Monday, June 20, 2011

Column: Screenwriting: More to Consider Before Turning Your Story Into a Screenplay by Karen Albright Lin

Notice I said story instead of novel.  Most of us could name dozens of bestselling novels that have been adapted.  Three recent ones: Memoirs of a Geisha, My Sister’s Keeper, and The Time Traveler’s Wife

But there are numerous examples of other story forms that have been successfully adapted:  autobiography (Pursuit of Happiness), YA (Holes), novella (Shawshank Redemption), picture book (Where the Wild Things Are), Comic Book (Spider Man), nonfiction (Helter Skelter), short story (Brokeback Mountain), collection of short stories (Trainspotting), play (Death of a Salesman), journalism (All the President’s Men), lecture (An Inconvenient Truth), blog (Julie and Julia), T.V. Script (X Files), TV skit (Blues Brothers), graphic novel (V for Vendetta), video game (Mortal Kombat), poem (Iliad adapted as Troy), earlier film (Oceans Eleven 2001, 1960).

If you obtain the rights to adapt another author’s work, and even if you adapt your own story, be aware that film is collaborative; your script and the way it comes off on the screen will likely be different from your vision of it.  Other writers have a go at it.  Even the directors and actors implement their own visions.  Some say the writer is the lowest woman on the totem pole. 

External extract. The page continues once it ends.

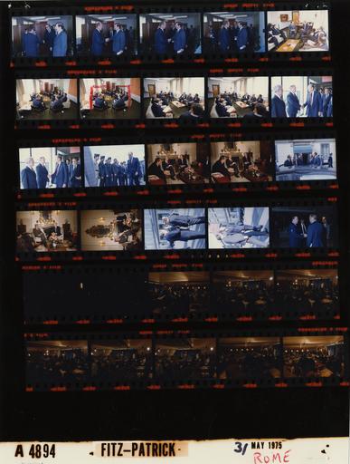 | Keywords: Ford A4894 NLGRF photo contact sheet (1975-05-30)(Gerald Ford Library).jpg White House Photographic Office WHPO is housed at the Gerald R Ford Presidential Library a branch of the National Archives and Records Administration NARA <br/><br/> This file is a 200 dpi photo contact sheet having images from roll of film A4894 of the August 9 1974 - January 20 1977 Gerald R Ford White House Photographic Office Series A0001-A9999 and B0001-B2886 photographs <br/><br/> The date on the photo contact sheet is the date the roll of film was processed not necessarily the date the photographs were taken See table below for additional details 1975-05-30 Gerald R Ford Presidential Library Image http //www fordlibrarymuseum gov/library/whphotos/A4894_NLGRF jpg A4894_NLGRF jpg from http //www fordlibrarymuseum gov/library/whphotos/19750530whpo pdf White House Photographs May 30 1975 of the http //www fordlibrarymuseum gov/Library/whphotos/whpo asp White House Photographic Collection page White House Photographic Office WHPO - Fitz-Patrick PD-USGov Institution Institution Gerald R Ford Presidential Library Table wikitable sortable + Photo contact sheet A4894 U S President Ford Administration Gerald R Ford Library Frame s Tone Subject proper Subject generic Names Geographic Location Photographer Date - 3A-6A Color Trip to Belgium -Prime Minister of Iceland greeting handshaking Kissinger Geir Hallgrimsson Brussels Belgium North Atlantic Treaty Organization NATO Headquarters - Ambassador Bruces's Office Fitz-Patrick 1975-05-30 - 7A-11A Color Trip to Belgium -Meeting with Prime Minister of Iceland seated talking around coffee table; various angles and distances; all not in every frame GRF Geir Hallgrimsson Kissinger Einar Agustsson Tomas Tomasson Horduth Helgason Bjorn Bjarnasson Scowcroft Sonnenfeldt Brussels Belgium North Atlantic Treaty Organization NATO Headquarters - Ambassador Bruces's Office Fitz-Patrick 1975-05-30 - 12A-14A Color Trip to Belgium handshaking by limo GRF others Brussels Belgium North Atlantic Treaty Organization NATO Headquarters Fitz-Patrick 1975-05-30 - 15A-16A Color Trip to Belgium -Meeting with Prime Minister of Norway seated near fireplace; all not in every frame GRF Trygve Bratelli Knute Frydenlund Kjeld Vibe Brussels Belgium American Embassy Residence - Meeting Room Fitz-Patrick 1975-05-30 - 17A Color Trip to Belgium -Following Meeting with Prime Minister of Norway standing by limo with Norwegian foreign minister GRF Einar Agustsson Kissinger Brussels Belgium American Embassy Residence - Outside Fitz-Patrick 1975-05-30 - 18A-19A Color Trip to Belgium -Meeting with President of the European Community Commission seated near fireplace; all not in every frame GRF Francois-Zavier Ortoli Christopher Soames Kissinger Brussels Belgium American Embassy Residence - Meeting Room Fitz-Patrick 1975-05-30 - 20A-21A Color Trip to Belgium -Following Meeting with President of the European Community Commission standing talking GRF Kissinger Brussels Belgium American Embassy Residence - Outside Fitz-Patrick 1975-05-30 - 22A Color Trip to Belgium -Manager of Hotel greeting handshaking GRF Sig S Front Brussels Belgium Brussels Sheraton Hotel Fitz-Patrick 1975-05-30 - 23A-32A Color Trip to Belgium -14th Press Conference GRF at podium speaking; media seated; various angles and distances GRF Media Brussels Belgium Brussels Sheraton Hotel - Press Center Fitz-Patrick 1975-05-30 Gerald R Ford Presidential Library and Museum-cooperation PD-USGov Contact sheets by the Ford White House May 1975 |

I’ve heard successful novelists insist the writer’s dream is to sell the script and have it NOT made, get the money but not have the work butchered.  When eating lunch with David Morrell, I was surprised to hear that he wasn’t happy with the hugely successful adaptation of his novel First Blood/Rambo.  His main beef: a character he considered very important to his story was simply dumped for purposes of the movie.  Though it went on to become a Sylvester Stallone vehicle franchise and made Morrell loads of money, it disappointed him.

Don’t let the warnings discourage you from adapting your story, however.  There are still good reasons to do it. 

1)    If your agent can sell your book to Hollywood (ka-chink), having the script ready to go means the agent can more easily negotiate for you to be paid to do the first pass at the script (ka-chink).  Count on other established script writers being brought in to do a rewrite or two or three…
2)    You might be one of the lucky few whose script sells before the book or simultaneously.
3)    As I will preach throughout this series, writing screenplays will improve your other writing.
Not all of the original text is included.